Europe’s digital banks off to slow start in the US market
via Sifted
Europe’s largest digital banking apps are seeing slow user uptake in the US amid strong local competition, new research by Apptopia shows.
Although it’s still early days, the data shows the Europeans are lagging far behind local players like Chime, which now holds 60% of the US challenger bank market — a small but growing sector targeting America’s “underbanked”.
The European cohort is led by German digital bank N26 with 3.55% of the US digital-bank market — buoyed by an intense marketing campaign and an early launch in July 2019.
Meanwhile, London-based neobank Revolut has secured 0.97% of the US digital market, having officially launched in March, and Monzo has 0.23%, made up of 20,000 waiting list downloads and its beta launch.
Apptopia told Sifted that these numbers were “less than exceptional” and that Revolut’s post-launch downloads were “significantly below that of [US players] Chime, Current and Varo”.
Europe’s digital banks have seen their valuations surge as they look to expand internationally. Succeeding in the US would be a major prize.
London’s Revolut went live on March 24, while N26 launched late last year and Monzo opened its waiting list in July 2019.

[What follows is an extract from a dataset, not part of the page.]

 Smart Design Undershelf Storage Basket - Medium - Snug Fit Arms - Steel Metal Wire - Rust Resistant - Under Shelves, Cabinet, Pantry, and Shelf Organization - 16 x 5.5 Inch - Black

But it’s not getting easier, with Chime seeing its numbers surge, having been approved to distribute federal stimulus packages. Meanwhile, another competitor Varo has been approved to become the first neobank to receive a US banking charter license. This will allow it to offer a full range of credit cards, loans and robo-investing.
European challengers are also up against increasingly tech-savvy traditional US banks. Mobile-analytics company Apptopia estimates that traditional banks like Bank of America, Chase and Wells Fargo saw 180% more new monthly mobile users than digital banks did on average, over the past six months.

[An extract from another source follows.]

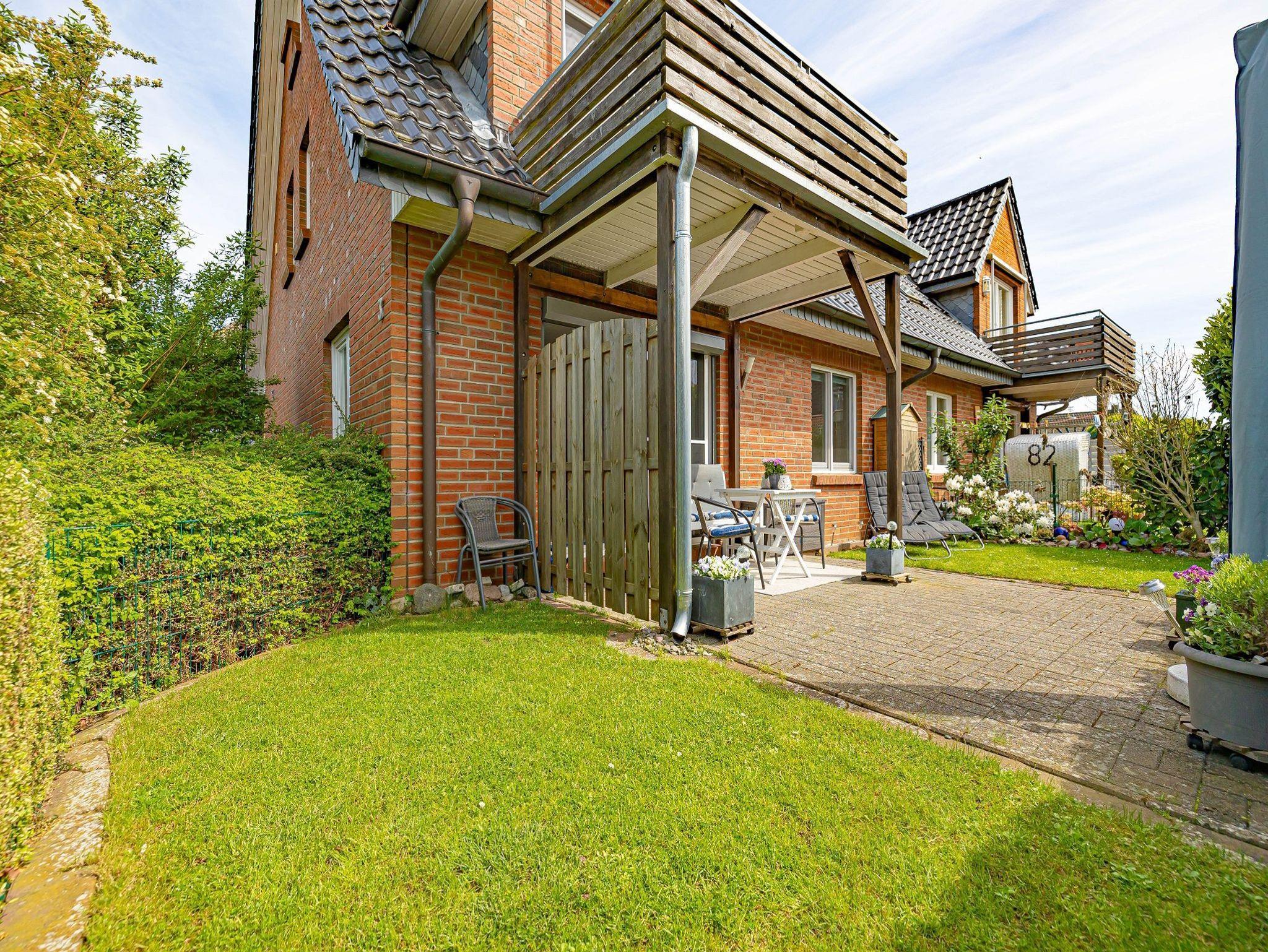Überdachte Terrasse mit Möbel, Sonnenschutz, Gartenliegen und umzäuntes kleines Grundstück

Even UK banking giant Barclays has been forced to scrap plans for an own-brand US digital bank after years in the works, a spokesperson confirmed to Sifted. The official confirmation follows earlier reports that hopes for the project had “fade[d]”, having proven “extremely expensive”.
Not all bad?
There is some good news, however.
Firstly, the data shows N26 has overtaken US player Simple, which launched in May 2012 and was acquired by BBVA two years later.
Meanwhile, Monzo has now officially embarked on the difficult, slow job of applying for a US bank license.
Revolut also seems to have piggy-backed off N26’s campaign with a more impactful launch. Revolut saw 60% more downloads in the first 30 days after its March launch than N26 did in July last year, with Apptopia recording 26,000 downloads for the Revolut app in its first month post-launch.
Still, Covid-19 also seems to have complicated operations, given staff absences, cost-pressures and customer distractions.
In addition, the expansion into the US seems to have taken a toll on the European neo-banks’ leadership. N26’s US chief executive Nicolas Kopp stepped down earlier this year, while Revolut’s US lead Dan Westgarth also left his role last month, replaced by chief executive Ronald Oliveira.
The US is not a winner-takes-all market, but can Europe’s challengers take their share?